··· DATA

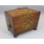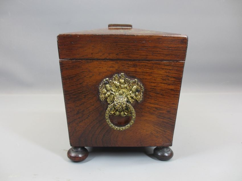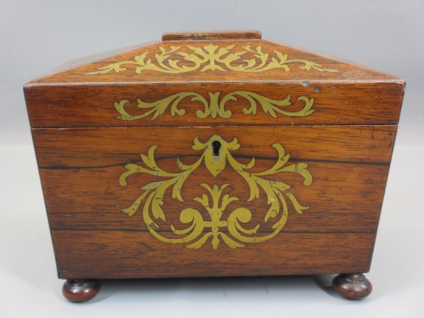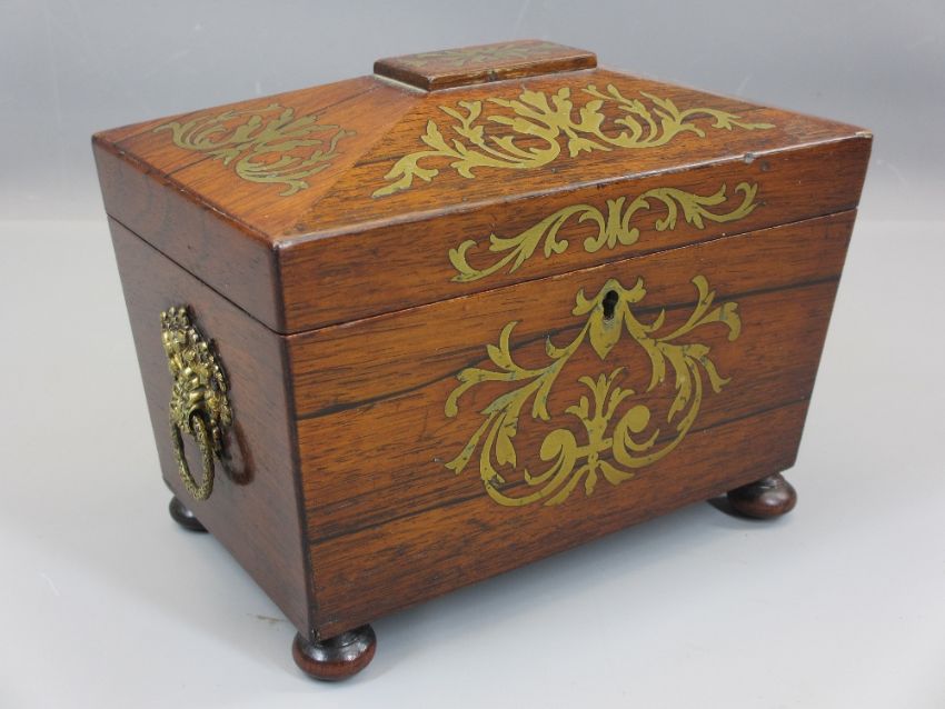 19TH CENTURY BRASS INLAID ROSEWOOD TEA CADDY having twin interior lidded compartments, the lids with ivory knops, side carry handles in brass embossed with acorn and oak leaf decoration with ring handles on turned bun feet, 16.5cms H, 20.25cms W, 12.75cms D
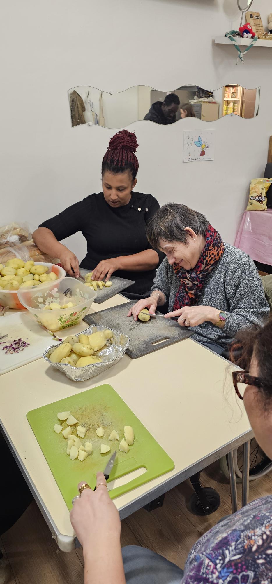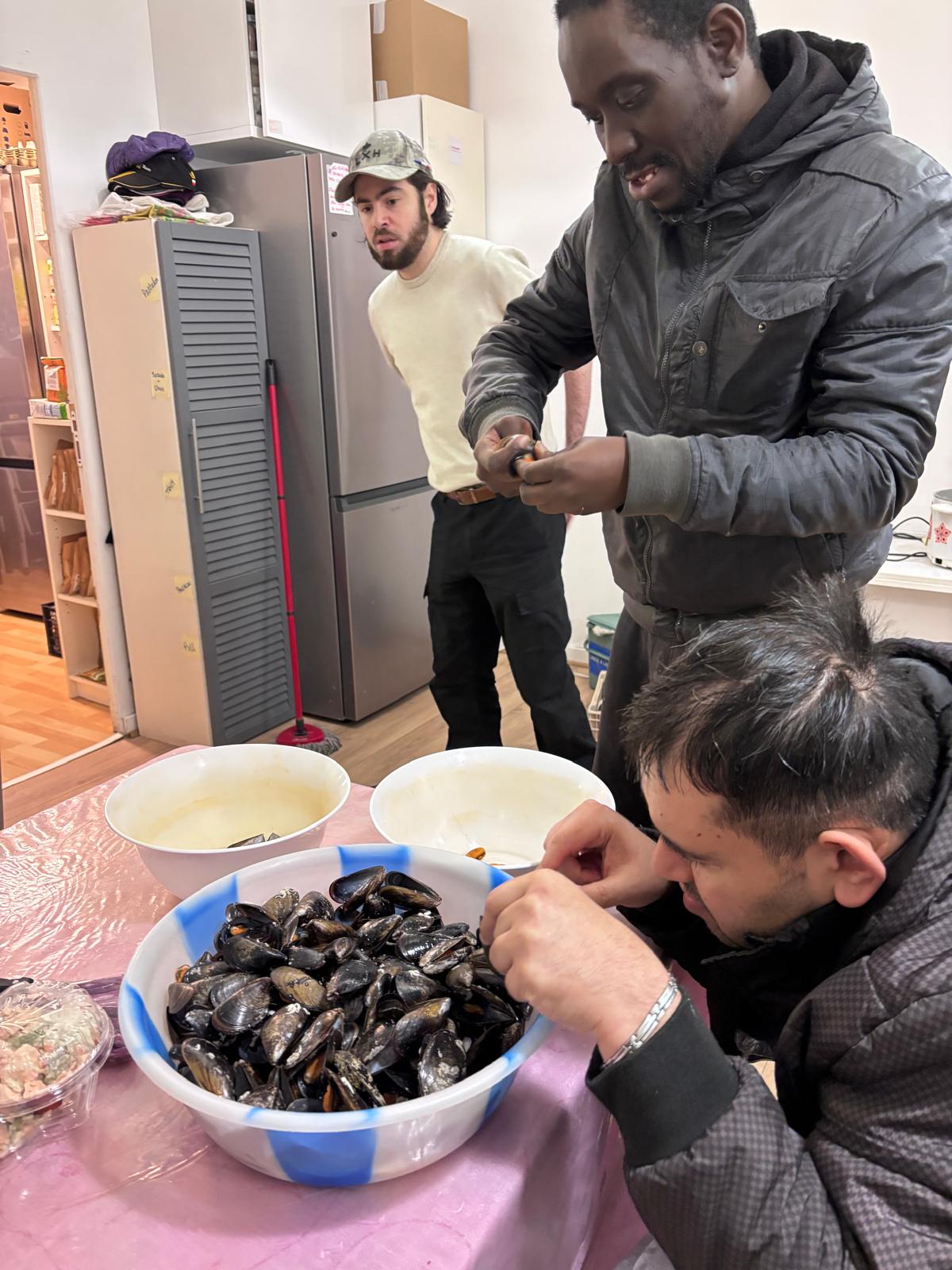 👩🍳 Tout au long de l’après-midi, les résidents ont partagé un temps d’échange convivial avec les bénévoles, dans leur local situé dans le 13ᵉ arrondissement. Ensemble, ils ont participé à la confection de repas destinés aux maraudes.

······
··· DATA

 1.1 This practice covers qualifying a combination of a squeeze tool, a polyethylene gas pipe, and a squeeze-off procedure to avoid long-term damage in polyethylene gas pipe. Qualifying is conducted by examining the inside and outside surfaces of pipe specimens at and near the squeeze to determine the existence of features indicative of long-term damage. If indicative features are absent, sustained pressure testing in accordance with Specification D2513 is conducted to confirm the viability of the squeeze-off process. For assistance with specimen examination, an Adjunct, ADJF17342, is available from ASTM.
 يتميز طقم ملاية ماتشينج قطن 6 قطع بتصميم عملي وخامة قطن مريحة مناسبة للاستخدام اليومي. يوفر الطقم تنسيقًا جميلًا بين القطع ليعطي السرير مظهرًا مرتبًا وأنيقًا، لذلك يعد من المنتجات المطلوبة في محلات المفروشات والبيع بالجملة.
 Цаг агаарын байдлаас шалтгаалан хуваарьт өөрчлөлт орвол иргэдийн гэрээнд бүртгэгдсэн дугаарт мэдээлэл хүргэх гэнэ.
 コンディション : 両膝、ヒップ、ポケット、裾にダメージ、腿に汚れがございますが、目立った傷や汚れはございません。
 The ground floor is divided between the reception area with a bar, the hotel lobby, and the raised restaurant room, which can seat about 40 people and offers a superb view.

······
··· DATA

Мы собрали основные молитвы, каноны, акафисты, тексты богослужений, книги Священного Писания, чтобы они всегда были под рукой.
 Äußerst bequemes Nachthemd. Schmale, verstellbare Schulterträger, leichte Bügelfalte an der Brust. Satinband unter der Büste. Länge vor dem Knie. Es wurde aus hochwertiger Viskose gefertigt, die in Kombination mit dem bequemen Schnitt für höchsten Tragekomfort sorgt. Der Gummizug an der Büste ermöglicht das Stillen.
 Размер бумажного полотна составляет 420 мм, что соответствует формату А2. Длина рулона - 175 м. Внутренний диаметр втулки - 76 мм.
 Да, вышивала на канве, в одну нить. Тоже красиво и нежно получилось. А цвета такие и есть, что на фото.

······

● TASK STATEMENT
Given the records above, return exactly the lines starting at the line containing "Цаг агаарын байдлаас" and ending at the line containing "コンディション : 両膝、ヒップ、ポケット、裾にダメージ、腿に汚れがございますが、目立った傷や汚れはございません。", including both.

● WRITTEN SOLUTION
 Цаг агаарын байдлаас шалтгаалан хуваарьт өөрчлөлт орвол иргэдийн гэрээнд бүртгэгдсэн дугаарт мэдээлэл хүргэх гэнэ.
 コンディション : 両膝、ヒップ、ポケット、裾にダメージ、腿に汚れがございますが、目立った傷や汚れはございません。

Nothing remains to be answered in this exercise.